- Exercise directions:
Please print the records below word for word.

(Collection entries)
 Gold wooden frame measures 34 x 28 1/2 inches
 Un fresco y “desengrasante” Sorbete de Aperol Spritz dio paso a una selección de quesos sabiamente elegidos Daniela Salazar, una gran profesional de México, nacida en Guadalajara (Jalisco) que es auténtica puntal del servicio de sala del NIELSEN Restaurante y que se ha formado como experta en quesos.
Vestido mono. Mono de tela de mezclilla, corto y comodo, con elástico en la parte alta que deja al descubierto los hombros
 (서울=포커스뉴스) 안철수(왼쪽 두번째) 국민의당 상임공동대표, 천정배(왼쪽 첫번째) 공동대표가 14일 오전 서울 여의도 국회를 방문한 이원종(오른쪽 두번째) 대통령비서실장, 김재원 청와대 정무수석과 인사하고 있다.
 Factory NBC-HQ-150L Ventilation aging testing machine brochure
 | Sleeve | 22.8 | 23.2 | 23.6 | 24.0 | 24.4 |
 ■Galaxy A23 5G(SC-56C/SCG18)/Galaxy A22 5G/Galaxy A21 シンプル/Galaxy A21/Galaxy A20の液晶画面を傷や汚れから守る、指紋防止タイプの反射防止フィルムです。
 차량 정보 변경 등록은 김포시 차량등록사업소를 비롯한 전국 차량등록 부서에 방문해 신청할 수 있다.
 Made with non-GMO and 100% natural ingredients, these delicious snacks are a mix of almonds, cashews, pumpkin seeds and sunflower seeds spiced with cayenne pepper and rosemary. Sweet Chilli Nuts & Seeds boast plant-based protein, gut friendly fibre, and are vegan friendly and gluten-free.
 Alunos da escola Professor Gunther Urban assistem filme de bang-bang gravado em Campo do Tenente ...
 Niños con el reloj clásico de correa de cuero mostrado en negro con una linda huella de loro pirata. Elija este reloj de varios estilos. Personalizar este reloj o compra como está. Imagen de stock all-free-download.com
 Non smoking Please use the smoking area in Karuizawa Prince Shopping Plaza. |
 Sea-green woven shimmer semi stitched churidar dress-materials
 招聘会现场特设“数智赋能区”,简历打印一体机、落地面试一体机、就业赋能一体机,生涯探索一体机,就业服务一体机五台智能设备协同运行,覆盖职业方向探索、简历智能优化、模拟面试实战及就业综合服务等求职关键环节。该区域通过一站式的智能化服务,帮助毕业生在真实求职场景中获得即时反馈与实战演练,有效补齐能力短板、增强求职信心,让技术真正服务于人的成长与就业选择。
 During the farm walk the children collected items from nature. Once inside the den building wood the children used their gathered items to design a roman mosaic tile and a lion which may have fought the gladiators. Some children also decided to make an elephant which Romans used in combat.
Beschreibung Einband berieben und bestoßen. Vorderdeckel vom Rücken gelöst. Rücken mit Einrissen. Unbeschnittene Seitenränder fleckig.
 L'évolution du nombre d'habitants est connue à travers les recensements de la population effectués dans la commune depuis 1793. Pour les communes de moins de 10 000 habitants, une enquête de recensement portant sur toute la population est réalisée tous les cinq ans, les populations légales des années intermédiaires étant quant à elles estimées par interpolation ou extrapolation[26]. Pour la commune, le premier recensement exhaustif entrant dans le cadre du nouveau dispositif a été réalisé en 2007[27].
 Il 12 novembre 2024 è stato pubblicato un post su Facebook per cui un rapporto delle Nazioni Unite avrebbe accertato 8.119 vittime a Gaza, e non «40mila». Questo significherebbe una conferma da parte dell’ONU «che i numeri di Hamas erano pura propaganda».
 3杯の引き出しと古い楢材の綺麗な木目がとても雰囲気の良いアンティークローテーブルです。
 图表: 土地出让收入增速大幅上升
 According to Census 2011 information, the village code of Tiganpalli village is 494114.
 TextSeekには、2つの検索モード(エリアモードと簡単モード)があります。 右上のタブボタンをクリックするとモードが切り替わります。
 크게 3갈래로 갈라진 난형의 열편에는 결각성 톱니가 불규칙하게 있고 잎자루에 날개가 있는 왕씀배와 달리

- Answer below:
 Gold wooden frame measures 34 x 28 1/2 inches
 Un fresco y “desengrasante” Sorbete de Aperol Spritz dio paso a una selección de quesos sabiamente elegidos Daniela Salazar, una gran profesional de México, nacida en Guadalajara (Jalisco) que es auténtica puntal del servicio de sala del NIELSEN Restaurante y que se ha formado como experta en quesos.
Vestido mono. Mono de tela de mezclilla, corto y comodo, con elástico en la parte alta que deja al descubierto los hombros
 (서울=포커스뉴스) 안철수(왼쪽 두번째) 국민의당 상임공동대표, 천정배(왼쪽 첫번째) 공동대표가 14일 오전 서울 여의도 국회를 방문한 이원종(오른쪽 두번째) 대통령비서실장, 김재원 청와대 정무수석과 인사하고 있다.
 Factory NBC-HQ-150L Ventilation aging testing machine brochure
 | Sleeve | 22.8 | 23.2 | 23.6 | 24.0 | 24.4 |
 ■Galaxy A23 5G(SC-56C/SCG18)/Galaxy A22 5G/Galaxy A21 シンプル/Galaxy A21/Galaxy A20の液晶画面を傷や汚れから守る、指紋防止タイプの反射防止フィルムです。
 차량 정보 변경 등록은 김포시 차량등록사업소를 비롯한 전국 차량등록 부서에 방문해 신청할 수 있다.
 Made with non-GMO and 100% natural ingredients, these delicious snacks are a mix of almonds, cashews, pumpkin seeds and sunflower seeds spiced with cayenne pepper and rosemary. Sweet Chilli Nuts & Seeds boast plant-based protein, gut friendly fibre, and are vegan friendly and gluten-free.
 Alunos da escola Professor Gunther Urban assistem filme de bang-bang gravado em Campo do Tenente ...
 Niños con el reloj clásico de correa de cuero mostrado en negro con una linda huella de loro pirata. Elija este reloj de varios estilos. Personalizar este reloj o compra como está. Imagen de stock all-free-download.com
 Non smoking Please use the smoking area in Karuizawa Prince Shopping Plaza. |
 Sea-green woven shimmer semi stitched churidar dress-materials
 招聘会现场特设“数智赋能区”,简历打印一体机、落地面试一体机、就业赋能一体机,生涯探索一体机,就业服务一体机五台智能设备协同运行,覆盖职业方向探索、简历智能优化、模拟面试实战及就业综合服务等求职关键环节。该区域通过一站式的智能化服务,帮助毕业生在真实求职场景中获得即时反馈与实战演练,有效补齐能力短板、增强求职信心,让技术真正服务于人的成长与就业选择。
 During the farm walk the children collected items from nature. Once inside the den building wood the children used their gathered items to design a roman mosaic tile and a lion which may have fought the gladiators. Some children also decided to make an elephant which Romans used in combat.
Beschreibung Einband berieben und bestoßen. Vorderdeckel vom Rücken gelöst. Rücken mit Einrissen. Unbeschnittene Seitenränder fleckig.
 L'évolution du nombre d'habitants est connue à travers les recensements de la population effectués dans la commune depuis 1793. Pour les communes de moins de 10 000 habitants, une enquête de recensement portant sur toute la population est réalisée tous les cinq ans, les populations légales des années intermédiaires étant quant à elles estimées par interpolation ou extrapolation[26]. Pour la commune, le premier recensement exhaustif entrant dans le cadre du nouveau dispositif a été réalisé en 2007[27].
 Il 12 novembre 2024 è stato pubblicato un post su Facebook per cui un rapporto delle Nazioni Unite avrebbe accertato 8.119 vittime a Gaza, e non «40mila». Questo significherebbe una conferma da parte dell’ONU «che i numeri di Hamas erano pura propaganda».
 3杯の引き出しと古い楢材の綺麗な木目がとても雰囲気の良いアンティークローテーブルです。
 图表: 土地出让收入增速大幅上升
 According to Census 2011 information, the village code of Tiganpalli village is 494114.
 TextSeekには、2つの検索モード(エリアモードと簡単モード)があります。 右上のタブボタンをクリックするとモードが切り替わります。
 크게 3갈래로 갈라진 난형의 열편에는 결각성 톱니가 불규칙하게 있고 잎자루에 날개가 있는 왕씀배와 달리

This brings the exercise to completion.